Der Rechtsanspruch wird dazu beitragen, neue Möglichkeiten für Qualitätssteigerungen gerade in echten Ganztagsschulen zu schaffen. Er wird dazu beitragen, Chancengleichheit zu schaffen, indem es eben nicht mehr davon abhängt, ob die einen zu Hause bei den Hausaufgaben helfen, während andere das Geld für die Hausaufgabenhilfe haben. So werden alle die gleichen Chancen in der Schule haben, meine Damen und Herren.
Ich sage ausdrücklich, dass es darum geht, Wahlfreiheit zu schaffen. Es geht darum, in erreichbarer Nähe für alle Eltern eine echte Ganztagsschule, eine echte Ganztagsbetreuung zu haben. Das sage ich deshalb ausdrücklich, weil wir das Profil 3 in Hessen für ein qualitativ hochwertiges Ganztagsschulmodell halten. Das ist die einzige echte Ganztagsschule. Diese kann auch teilgebunden sein. Ich glaube, dieser Rechtsanspruch wird dazu beitragen.
Meine Damen und Herren, wenn wir diesen Rechtsanspruch 2025 umsetzen wollen, müssen wir jetzt damit beginnen, Fachkräfte auszubilden. Liebe Kollegin Faeser, bei den Polizisten ist es schon schlimm genug, dass das bis 2020 dauert. Bei Lehrkräften dauert es noch etwas länger, bis diese ausgebildet sind. Deswegen müssen wir jetzt sagen, was das für Hessen bedeutet.

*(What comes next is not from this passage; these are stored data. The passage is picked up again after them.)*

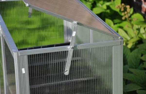 Het stevige aluminium frame kan eenvoudig worden gemonteerd met een schroevendraaier en de meegeleverde bouten en moeren. De afdichting van 4 mm dik dubbelwandig polycarbonaat wordt in het stevige aluminium frame gefixeerd voor een optimale bevestiging. Het polycarbonaat heeft een isolerende werking en zorgt voor diffuus groeilicht in de patiokas. Zo worden ideale omstandigheden voor het ontwikkelen van gewassen gecreëerd.
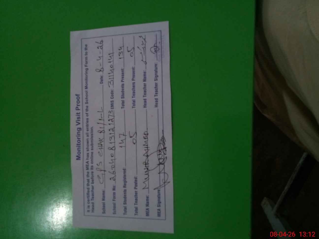 | Attendance Register | Head Teacher | MEA with School | Visit Proof |
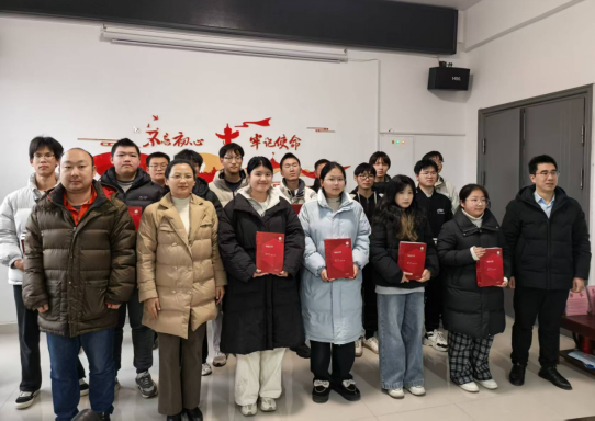 领导为首批物理拔尖班学生颁发了课程教材,并合影留念。
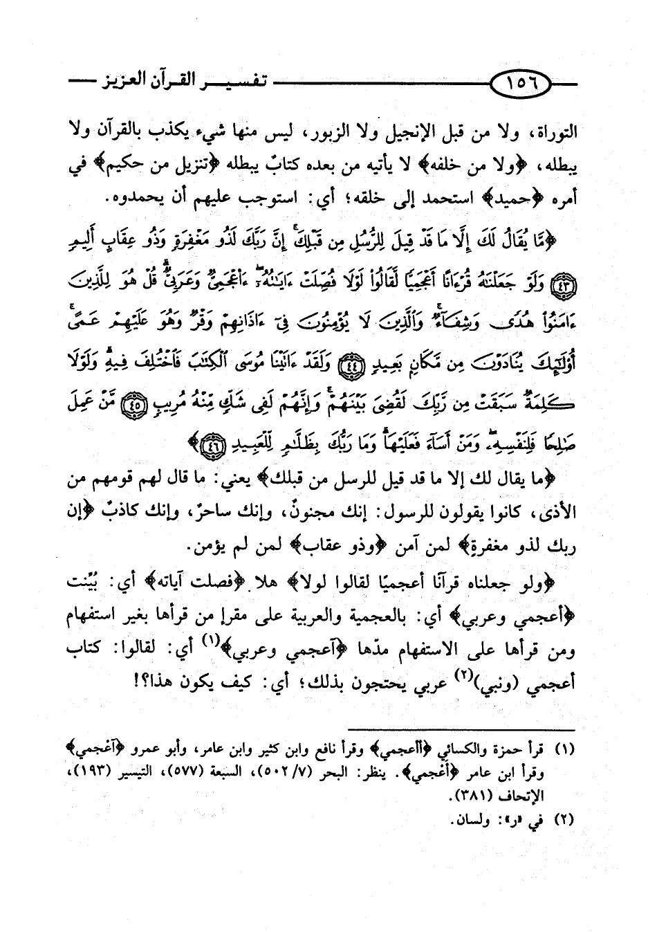{وَلَو جَعَلْنَاهُ قُرْآنًا أعجميا لقالوا لَوْلَا} هلا {فصلت آيَاته} أَي: بيّنت {أعجمي وعربي} أَي: بالعجمية والعربية على مقرأ من قَرَأَهَا بِغَيْر اسْتِفْهَام وَمن قَرَأَهَا على الِاسْتِفْهَام مدّها {أعجمي وعربي} أَي: لقالوا: كتاب أعجمي (وَنَبِي) عَرَبِيّ يحتجون بذلك؛ أَي: كَيفَ يكون هَذَا؟!
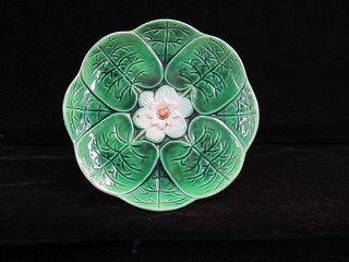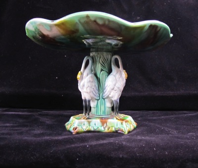 Rare 1800's English Majolica pedestal centerpiece with three storks on base rising to a white pond lily - 6" tall, 9.25" wide, no signature not unusual for this time period.  Possible attribution to Holdcroft.  Same piece in the San Francisco Fine Arts collection.   Very fine color and glaze.
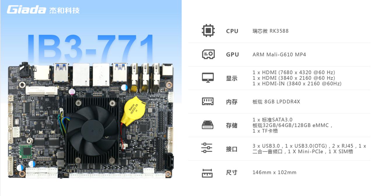 沐鸣娱乐主板IB3-771搭载瑞芯微RK3588八核64位处理器,内置6TOPS算力的NPU,具备高算力、内存大、超强多媒体、多重扩展等技术优势。满足8k超高清视频的显示需求,还支持主流深度学习框架,为各类 AIOT 应用场景提供更优的性能表现,支持机器人、边缘计算、智能NVR、智能汽车、智慧大屏、AR/VR、智能自助终端场景的广泛应用。
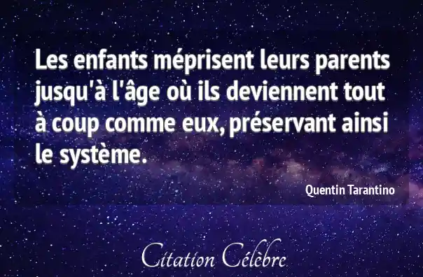 Les enfants méprisent leurs parents jusqu'à l'âge où ils deviennent tout à coup comme eux, préservant ainsi le système.
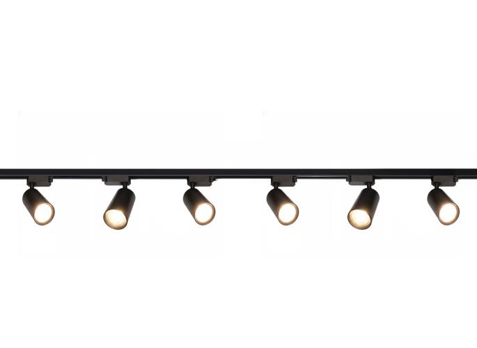 1 x 1 stuks 1 fase 2 draad 200cm rail - materiaal aluminium - bevestiging inclusief - 220-240V - afdichting IP20 - product kleur zand zwart of zand zwart - 6 stuk railspots GU10 armatuur afm. Ø 55 x 100mm draaibaar 350° en kantelbaar 90° - bulb niet inbegrepen - de rail kan eenvoudig op de gewenste lengte worden gezaagd - geschikt voor binnen - HRZ300 SKU 907
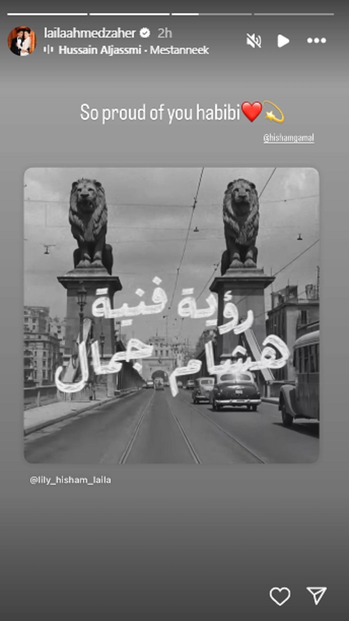 نشرت الفنانة الشابة ليلى أحمد زاهر، عبر خاصية القصص المصورة الملحقة على حسابها الخاص بـ"إنستغرام" مقطعاً من فيديو كليب "مستنيك"، الذي يتعاون فيه زوجها الفنان هشام جمال مع النجم الإماراتي حسين الجسمي، وجهت لزوجها من خلاله رسالة دعم على هذه الخطوة الفنية الكبيرة في مشواره الفني.
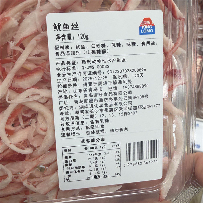 湖南长沙国金街印象汇金粒门鱿鱼丝120克保质期120天
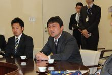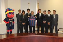 本日(1月30日)、植木繁晴代表取締役ゼネラルマネージャー、武尾誠取締役会長、秋葉忠宏監督、群馬県出身の星野悟選手、乾大知選手、横山翔平選手、黄大俊選手と湯友が、2013シーズンをむかえるにあたり、群馬県の大澤正明知事を表敬訪問いたしました。
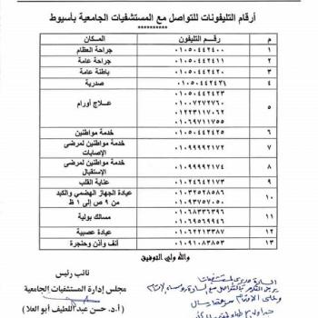 Mobiles' Numbers to Contact with University Hospitals
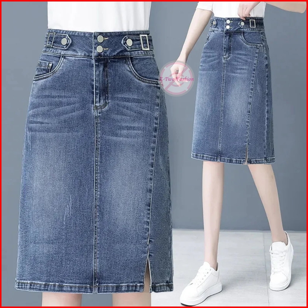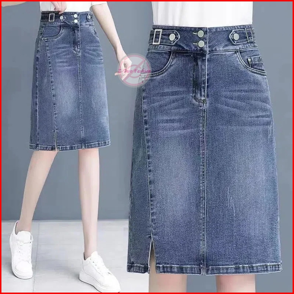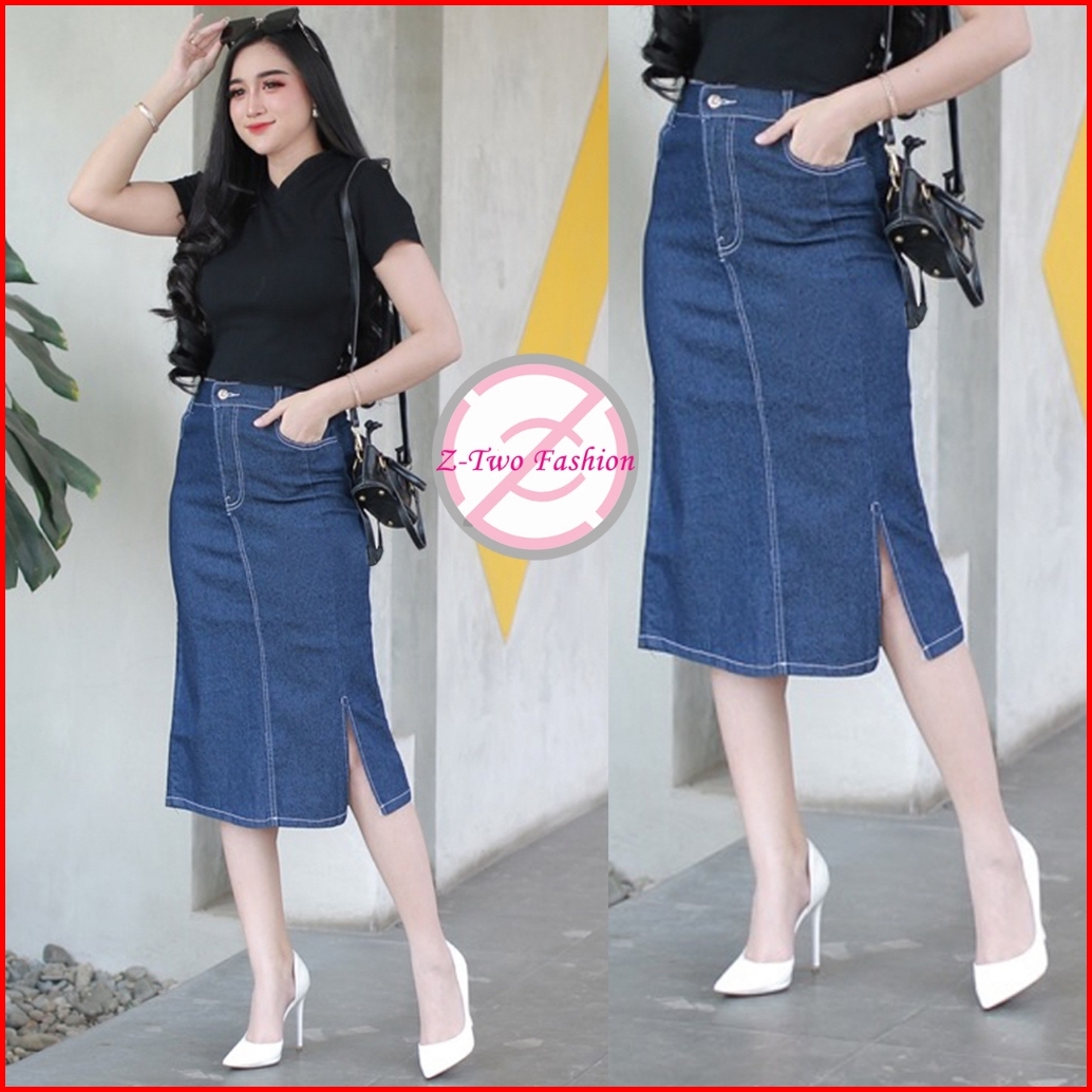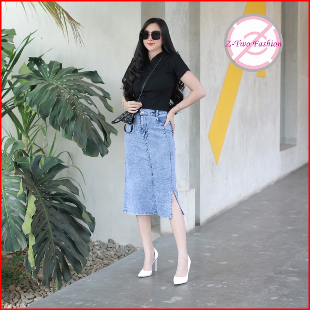 Z-two - Nycta Jeans Skirt Rok Jeans Stretch Pendek Belah Samping Pinggang Karet Jumbo Big Size
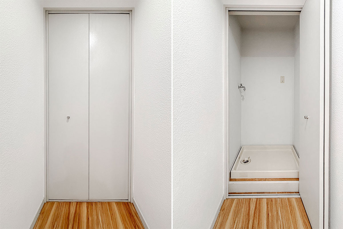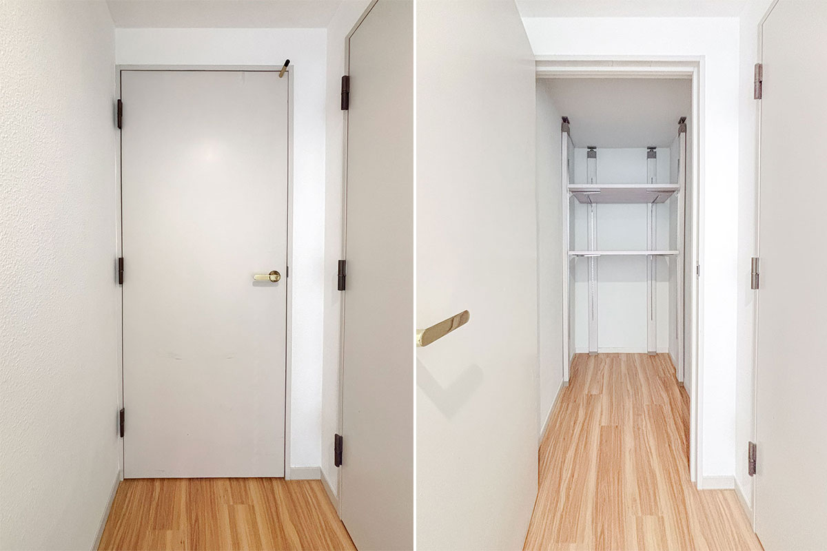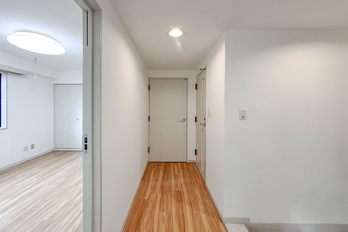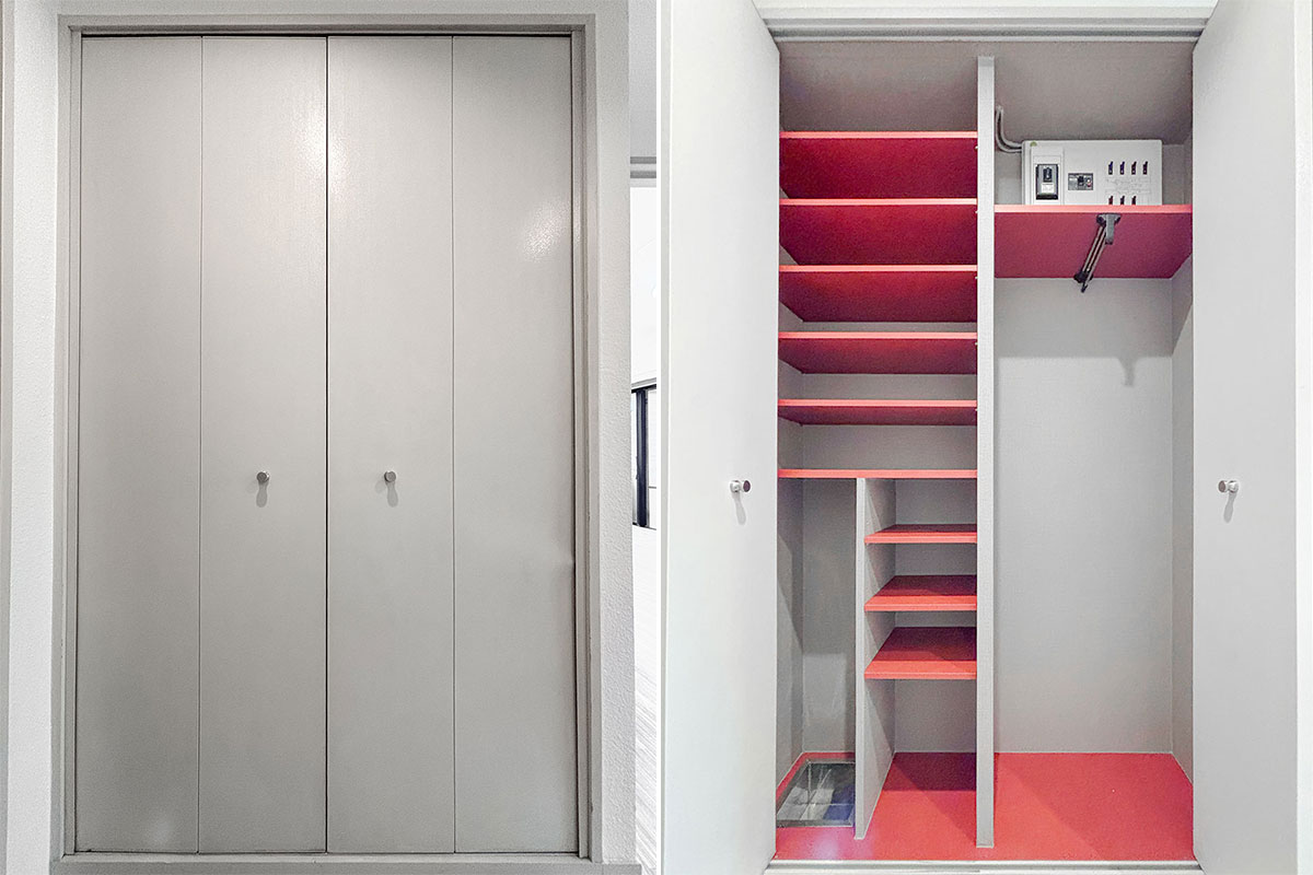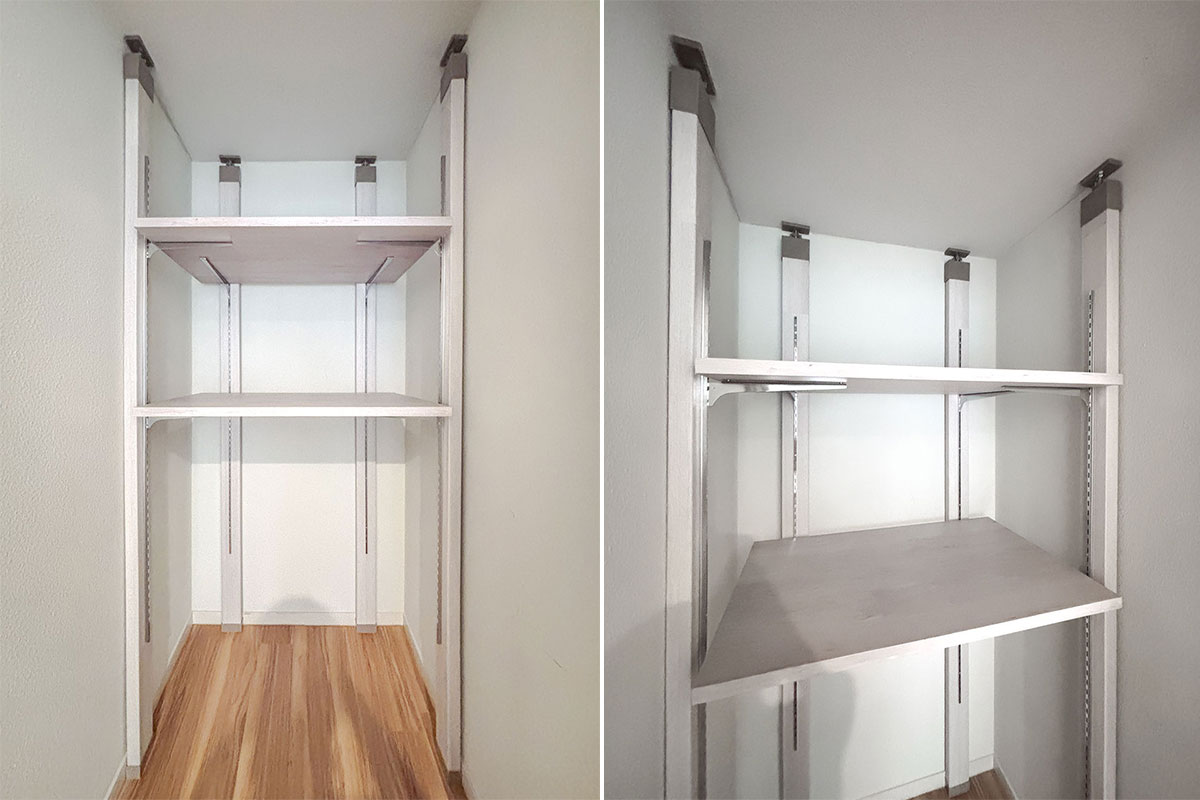 廊下奥には可動棚付きの収納があり、日用品ストック等に重宝しそうです。
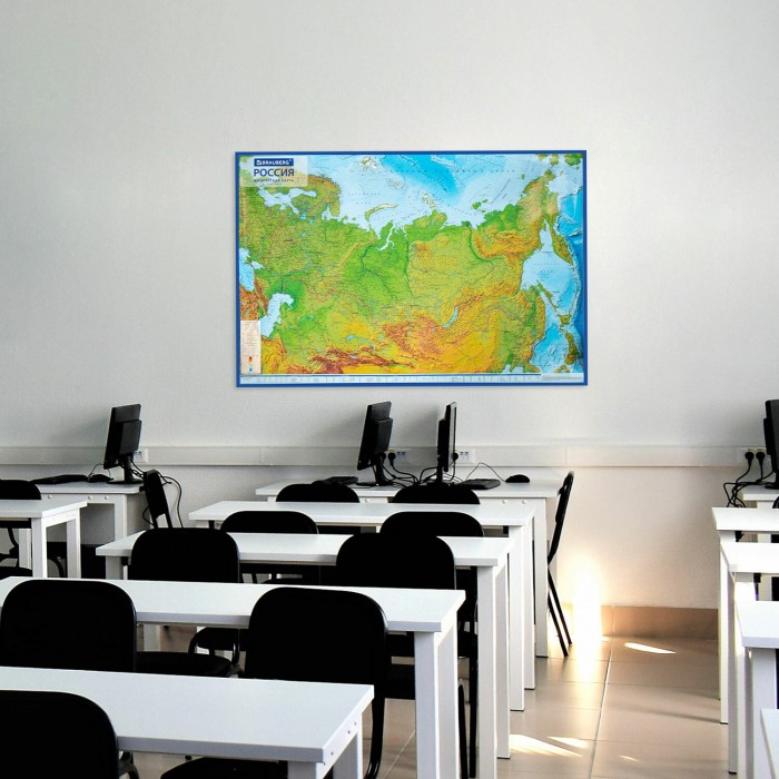 На физической карте России BRAUBERG отображаются названия рек и морей, городов и областей, гор и вулканов.

Deshalb fordern wir die Landesregierung auf, einen Plan vorzulegen, der auch diese qualitativen Ansprüche berücksichtigt.
Das ist auch dringend notwendig; denn derzeit erklärt die Landesregierung vollmundig, 70 % der Schülerinnen und Schüler seien im Ganztagsbetrieb, und der Ganztagsausbau befinde sich auf einem Allzeithoch, wie es in einer Pressemeldung im Juni erklärt wurde. Wenn Sie auf diese vollmundigen Wünsch-dir-was-Erklärungen zurückgreifen, werden Sie nicht weiterkommen. Eltern, die heute noch im Hinblick auf Bedürftigkeit geprüft werden, bei denen geschaut wird, wer einen Platz am dringendsten benötigt, weil z. B. beide Eltern arbeiten müssen, haben künftig einen Rechtsanspruch. Wenn der Rechtsanspruch gilt, werden Sie die Eltern, die Sie bisher mit einer Betreuung an drei Tagen bis 14:30 Uhr abspeisen, nicht mehr so abspeisen können. Das heißt, wir brauchen viel mehr Angebote, als das heute noch der Fall ist.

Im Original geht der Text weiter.